The major weakness of the build, however, is that it is a grapple. Freedom of Movement completely negates the trick entirely. Remaining out of reach for the duration of your monologue is another, using either flight or teleportation or some combination of the two. Illusions are another good way to fool a hulk into attacking the wrong monologue-spewing villain.

StreamOfTheSky
2012-06-22, 06:25 PM
Barbarian becomes large, becomes ineligible for the feat and so loses it, making her ineligible for the class, losing all the features. Temporarily, but still. Reaping Mauler has issues.

If after entering a prestige class, you no longer meet its initial pre-requisites (temporary or not), you do NOT lose your class features. IIRC, there are some PrC's that by their own class features, make you inelligibile for the PrC by the entry requirements, so such a ruling would make literally no sense at all.

Only feats have that sort of restriction, not class features.

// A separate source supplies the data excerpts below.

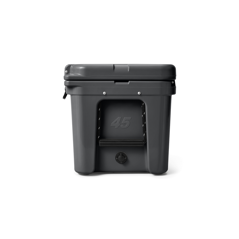 TUNDRA45 COOL BOXA solid all-purpose size. Holds overnight camp provisions for four people or drinks for a day on the water.28 Cans (using a 2:1 ice-to-can ratio)34 lbs Ice (only)MEASUREMENTS & SPECSEXTERNAL DIMENSIONS65.0W X 40.4D X 39.4H CMEMPTY WEIGHT10.4 KGYETI ICE CONFIGURATION1X YETI ICE 1.8 KG ICE PACK1X YETI ICE 900 G ICE PACKA SOLID ALL-PURPOSE SIZE. HOLDS OVERNIGHT CAMP PROVISIONS FOR FOUR PEOPLE OR DRINKS FOR A DAY ON THE WATER.The Tundra® 45 Cooler combines versatility with durability. This premium cooler is infused with that legendary YETI toughness — a durable rotomoulded construction — and up to three inches of PermaFrost™ Insulation. Which is to say it's built to last and will keep your contents ice-cold even in sweltering conditions, or keep your campfire food warm despite the wind chill.BUILT TOUGHROTOMOLDED CONSTRUCTION For virtually indestructible protection.T-REX® LID LATCHES Heavy-duty, patented, and made to never bust.NEVERFAIL™ HINGE SYSTEM An interlocking two-pin design that prevents breaking.BEARPROOF DESIGN Interagency Grizzly Bear Committee (IGBC) approved when used with extra-long shank Master Lock® Padlocks.LEGENDARY PERFORMANCEFATWALL™ DESIGN Holds up to three inches of insulation.PERMAFROST™ INSULATION Pressure-injected polyurethane locks in that just-packed temp.INTERLOCK™ LID SYSTEM Creates a form-fitting barrier against extreme temps.COLDLOCK™ GASKET A freezer-quality gasket that blocks out the heat and locks in the cold.FOR DAY IN, DAY OUT USEDOUBLEHAUL™ HANDLES Made from military-grade polyester ropes.LIPGRIP™ HANDLES Stay out of the way and make carrying your catch easy.BEARFOOT™ NON-SLIP FEET Prevent sliding on the boat or in the backseat.ANCHORPOINT™ TIE-DOWN SLOTS Make it easy to attach to your boat, trailer, or truck bed.SMART DESIGNVORTEX™ DRAIN SYSTEM Leakproof, rugged, and designed for quick and easy draining.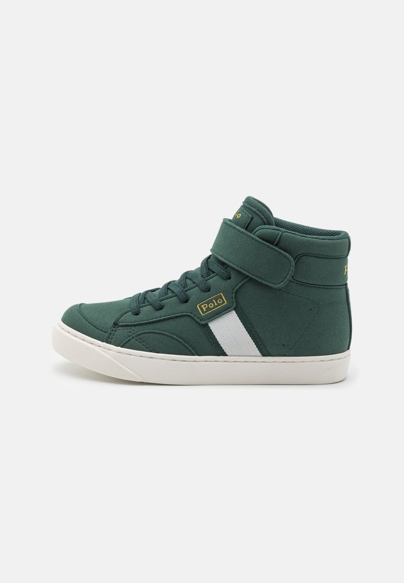 Stay fashionable and comfy this Autumn/Winter with these Polo Ralph Lauren sneakers. The sporty yet casual design in a trendy green color is perfect for everyday wear. With a high-top silhouette, these sneakers are both stylish and versatile for any outfit. Upgrade your shoe game with these must-have kicks.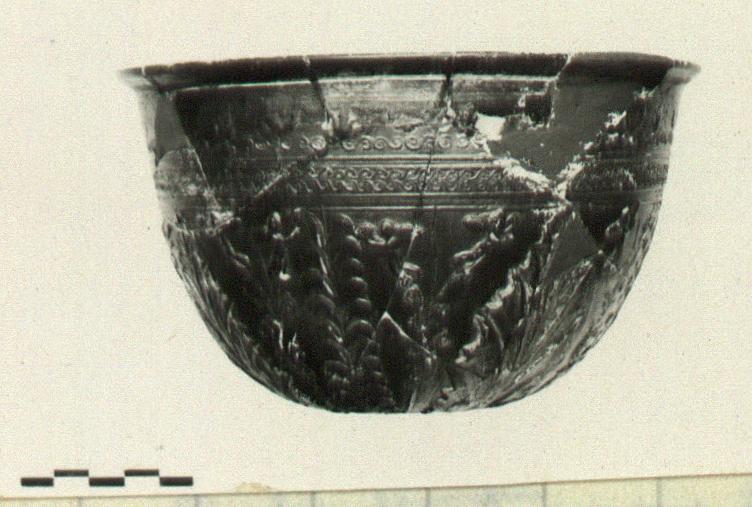 | Description: | Mended and restored in plaster; complete except for chips. Medallion: double rosette surrounded by a row of pointed leaves; springing from the medallion are large acanthus leaves alternating with tall fronds; between these are tendrils; Erotes in field. Rim pattern: simplified guilloche pattern surmounted by a row of double spirals topped by alternating birds and rosettes. Scraped groove with miltos around medallion and below rim. Good black glaze. | |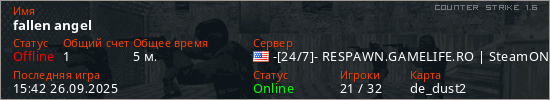 Играет на Counter Strike 1.6 сервере. Страна: СШАПервый раз замечен 15:40 26.09.2025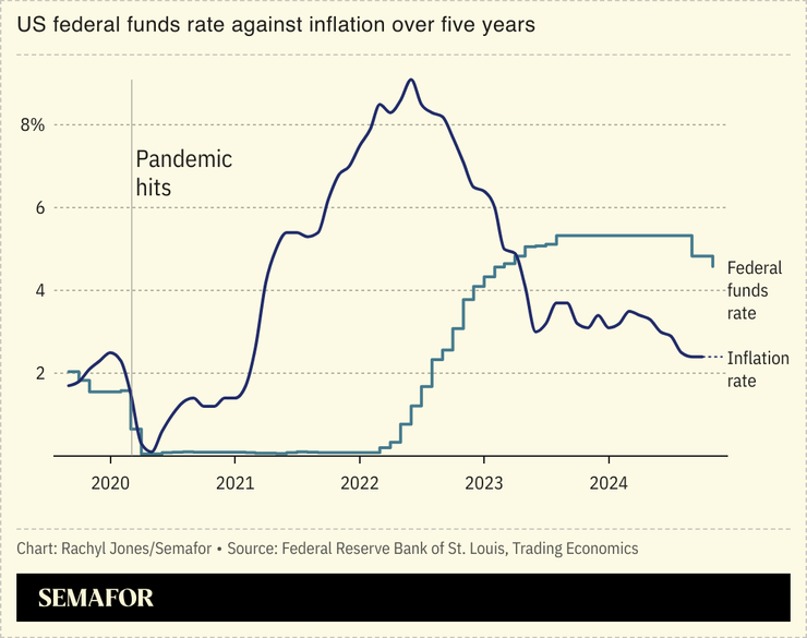 With Trump’s reelection, the Fed’s path forward has become murkier, Politico reported, as the central bank needs to see how the future administration’s policies might change the economy’s trajectory. Trump campaigned on pledges to hike import tariffs and restrict immigration, which economists warned could stoke inflation. Speaking on Thursday, Powell pushed back on the idea that the incoming administration had influence on near-term decisions, adding that “We don’t know what the timing and substance of any policy changes will be. We therefore don’t know what the effects on the economy would be — specifically, whether and to what extent those policies would matter for the achievement of our goal variables: maximum employment and price stability.”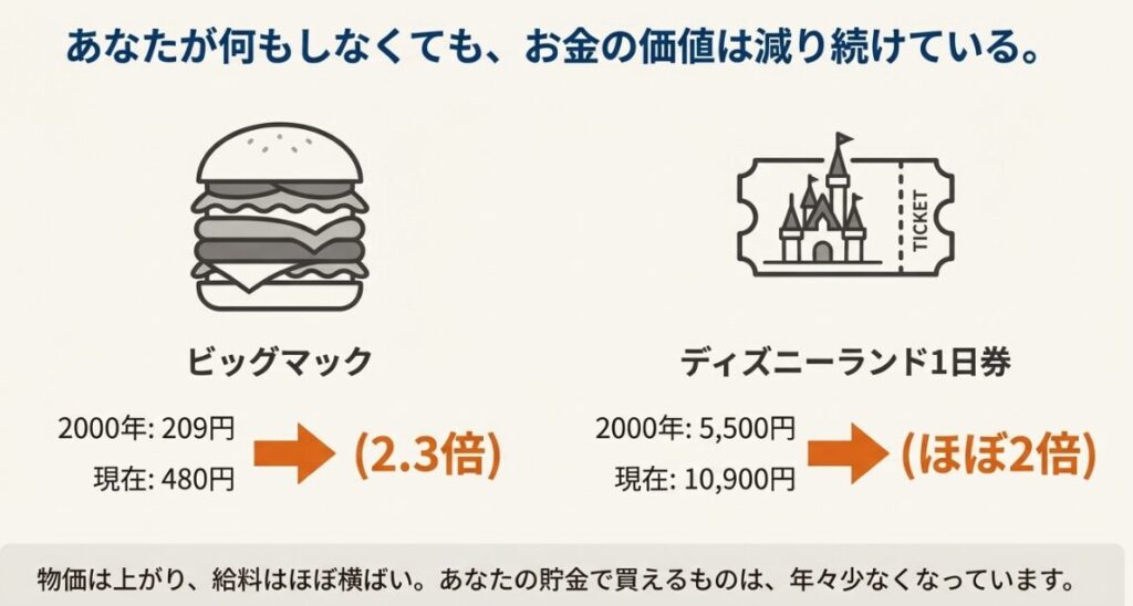物価は上がる。給料は上がらない。貯金の価値は目減りする。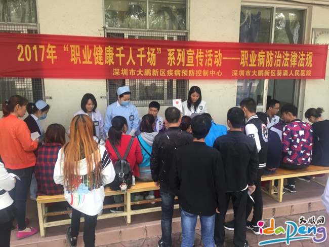 新区公共卫生管理服务中心与葵涌人民医院于4月13日联合在比亚迪厂区开展职业病防治法律法规的宣传活动。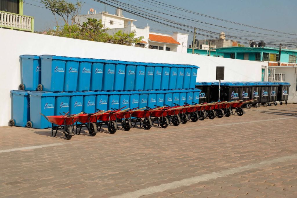 Además de uniformes entregó contenedores, botes de basura con llantas, impermeables, botas de hule, guantes flexibles, palas, escobas metálicas tipo araña y de mijo.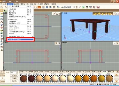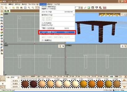 ここでは [ 床・天井 ] で天板を、[ 直方体 ] で脚を作成して、色パレットから色をつけています。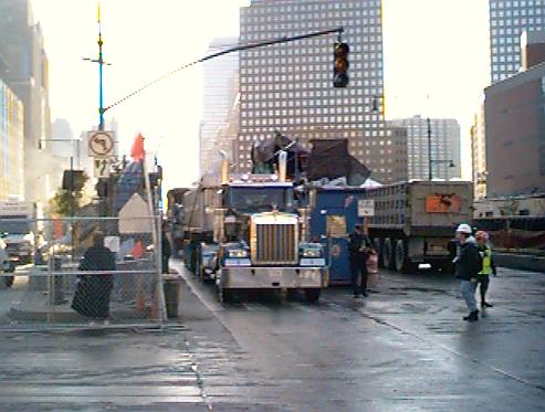 A large perimeter fence had been erected around the entire complex, but you could get close enough to get a good view of the carnage. From afar, the completely burned out skeleton of one of the smaller office buildings next to the former twin towers could be seen. Closer, the view simply defied description. Large cranes were tearing down the remains of office buildings, construction workers were stepping among the rubble where the remains of over 4,000 men, women and children were still buried. Occasionally, a body was recovered from the site, the day before yesterday marking the 559th body that was found in this incredible heap of metal and concrete.

All that said, Reaping Mauler sucks.

CTrees
2012-06-22, 06:48 PM
If after entering a prestige class, you no longer meet its initial pre-requisites (temporary or not), you do NOT lose your class features. IIRC, there are some PrC's that by their own class features, make you inelligibile for the PrC by the entry requirements, so such a ruling would make literally no sense at all.

Only feats have that sort of restriction, not class features.


All that said, Reaping Mauler sucks.

Complete Warrior, page 16 disagrees. Amusingly this is the same book as the Reaping Mauler, and the feat (Clever Wrestling) which hurts it the most.

Uhtred
2012-06-22, 08:07 PM
I flipped to page 16 and legitimately thought you were pointing out the Bear Warrior prestige class as an alternative to Reaping Mauler. :P and I actually got thinking about a bear's Improved Grab ability, a bear's strength mod...

StreamOfTheSky
2012-06-22, 08:50 PM
Complete Warrior, page 16 disagrees.

And yet, right in core we have Dragon Disciple (http://www.d20srd.org/srd/prestigeClasses/dragonDisciple.htm):
"Requirements
To qualify to become a dragon disciple, a character must fulfill all the following criteria.

Race
Any nondragon (cannot already be a half-dragon). "


"Dragon Apotheosis
At 10th level, a dragon disciple takes on the half-dragon template."


But if a DM wishes to punish a player for taking possibly the weakest prestige class ever printed...not my concern.

JoeMac307
2012-07-10, 03:14 PM
Wow! All the feedback has been very, very helpful. I forgot that it isn't mid-monologue that a villain is unarmed, surprised, and flat-footed, it's during PARLEY. and honestly, if they allow the mountain-raging Goliath barbarian in on sensitive negotiations, nobody ought to be surprised when she flips out and starts smashing people with other people.
I probably ought to have mentioned that she has both Reaping Mauler levels and the Monkey Grip feat, as well as Throw Anything and Fling Enemy, so really this was an example of her just doing what she do. I'm used to her, by now, picking up the nearest object and using it to hurt folk; this was just the first time she'd ever picked up an enemy with the intent of hurting him with the floor. I AM very wary of her picking up a mook and using him to hit other mooks, and will definitely have her roll initiative and, if she does it often, will have her reputation spread and the folks she fights start being more prepared for the maneuver. And staggered instead of stunned, for sure.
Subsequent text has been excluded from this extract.